9. Ownership of property in a town is not enough to create residency for voting purposes. 17 V.S.A. § 2122(b). Vermont law defines residency for voting purposes: "resident" shall mean a person who is domiciled in the town as evidenced by an intent to maintain a principal dwelling place in the town indefinitely. A person can only apply to be added to the checklist in one place—the location of the principal dwelling.
10. Justice should resign when he or she moves out of town.Although the law does not require a Justice of the Peace to resign if he or she moves from town, it is a best practice to do so. This is because if the Justice does not resign, there is no vacancy that can be filled, and it does not make sense for a non-resident to be involved in making decisions on elections and tax appeals, etc . . .
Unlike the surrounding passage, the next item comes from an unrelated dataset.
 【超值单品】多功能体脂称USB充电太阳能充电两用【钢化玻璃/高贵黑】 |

11. A dog must be licensed in the town where it is kept. Vermont law requires dogs to be licensed where they are kept – and not simply in any town in which the owner of the dog happens to own property. 20 V.S.A. § 3581. If the dog and dog’s owner move during the year, the license may be transferred by the clerk to the new town clerk. 20 V.S.A. § 3591. An out of state dog may be brought into Vermont for a period not exceeding 90 days without obtaining a Vermont license, provided that the dog is licensed in the other state and the owner possesses a certificate signed by a licensed veterinarian or state official of the other state that the dog has received a rabies vaccination that is current for the 90 days. 20 V.S.A. § 3587.
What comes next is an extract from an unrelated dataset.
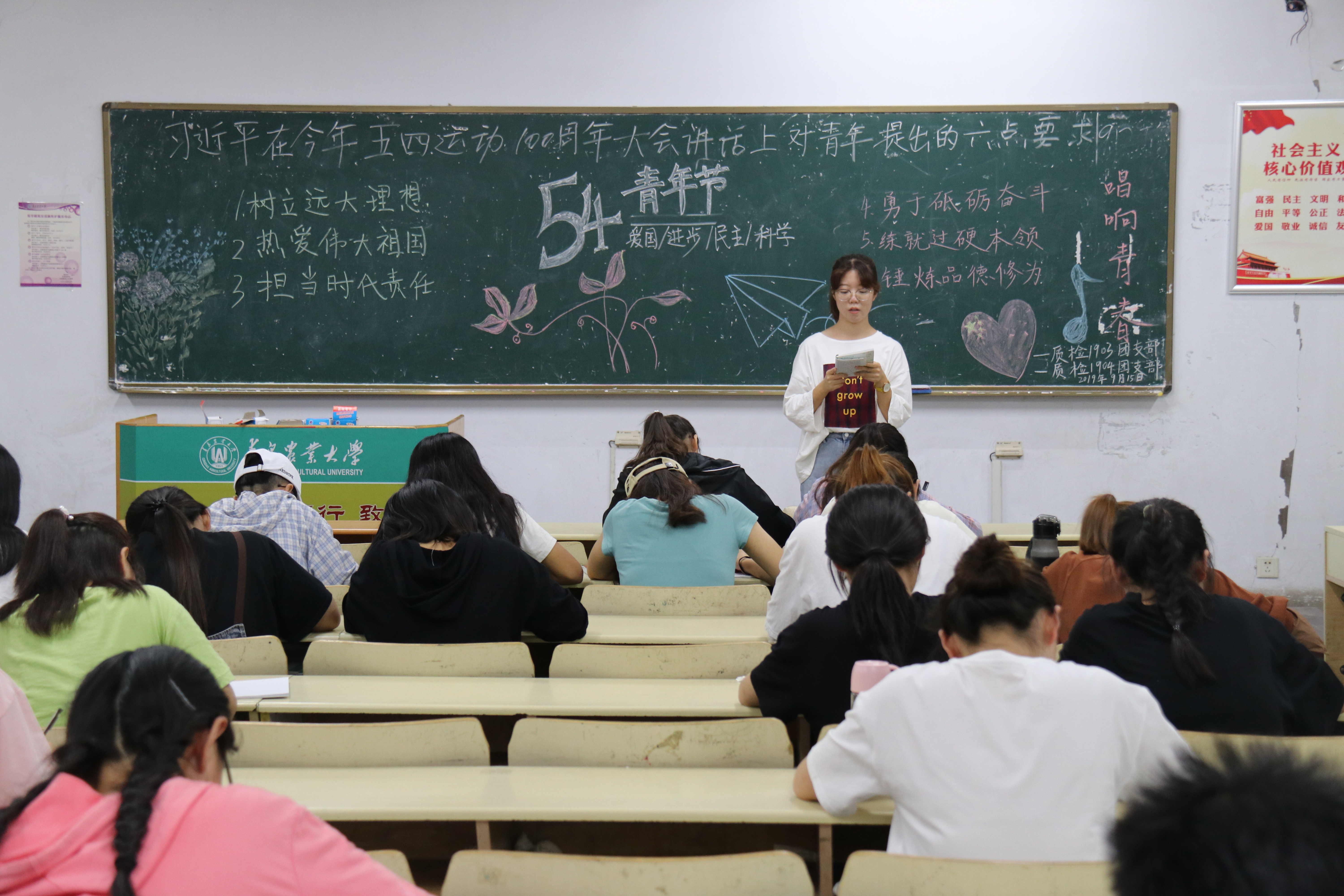 9月15日,食品学院于教学楼开展“习近平总书记在纪念五四运动100周年大会上的讲话”主题政治学习。学院2018级、2019级全体学生参加。各班主讲人带领各班级学习习近平对新时代青年提出的六点要求:要树立远大理想、热爱伟大祖国、担当时代责任、勇于砥砺奋斗、练就过硬本领、锤炼品德修为。食科1803班郝琪臣讲到,五四运动高举起爱国主义伟大旗帜,激发了追求真理、追求进步的伟大觉醒,以全民族的搏击培育了永久奋斗的传统,我们时代青年要热爱祖国,坚信奋斗是青春最靓丽的景色。

12. Curb cut or access permits must be obtained from the Selectboard for town highways. 19 V.S.A. § 1111. The selectboard are required to issue curb cut permits. The law does not permit them to delegate this responsibility to another town official. However, the selectboard can and should request input from the zoning administrator, fire chief, road foreman/public works director, or any other town officials that might have information relevant to the decision. The selectboard may make reasonable rules to carry out the provisions of section 1111 and to adequately protect the safety of the public, maintain reasonable service levels, and protect the public investment in the highway infrastructure. We recommend that selectboards keep copies of section 1111 available for reference when acting on access permits as there have been several recent amendments that reference compatibility with the municipal or regional plans.
13. We Recommend Creation of Board of Alternates. The selectboard may create a board of alternates to serve on the board of adjustment or development review board in situations when one or more members of the board are disqualified or otherwise unable to serve. 24 V.S.A. § 4461. However, this does not mean that the selectboard has the authority to declare that a member of the zoning board is disqualified to serve on a particular matter. It is still the responsibility of the zoning board or DRB member to recuse him or herself for a conflict or bias.
14. Vermont law does not require that a local health officer must be a resident of the town or city. 18 V.S.A. § 601. The selectboard can recommend any person to the Commissioner of the Health Department for appointment as the local health officer of the town. The Commissioner makes the appointment based on the selectboard’s recommendation. The health department suggests that, even though the law does not require it, whenever possible, it is a good practice for health officers to be a resident of the town in which they serve.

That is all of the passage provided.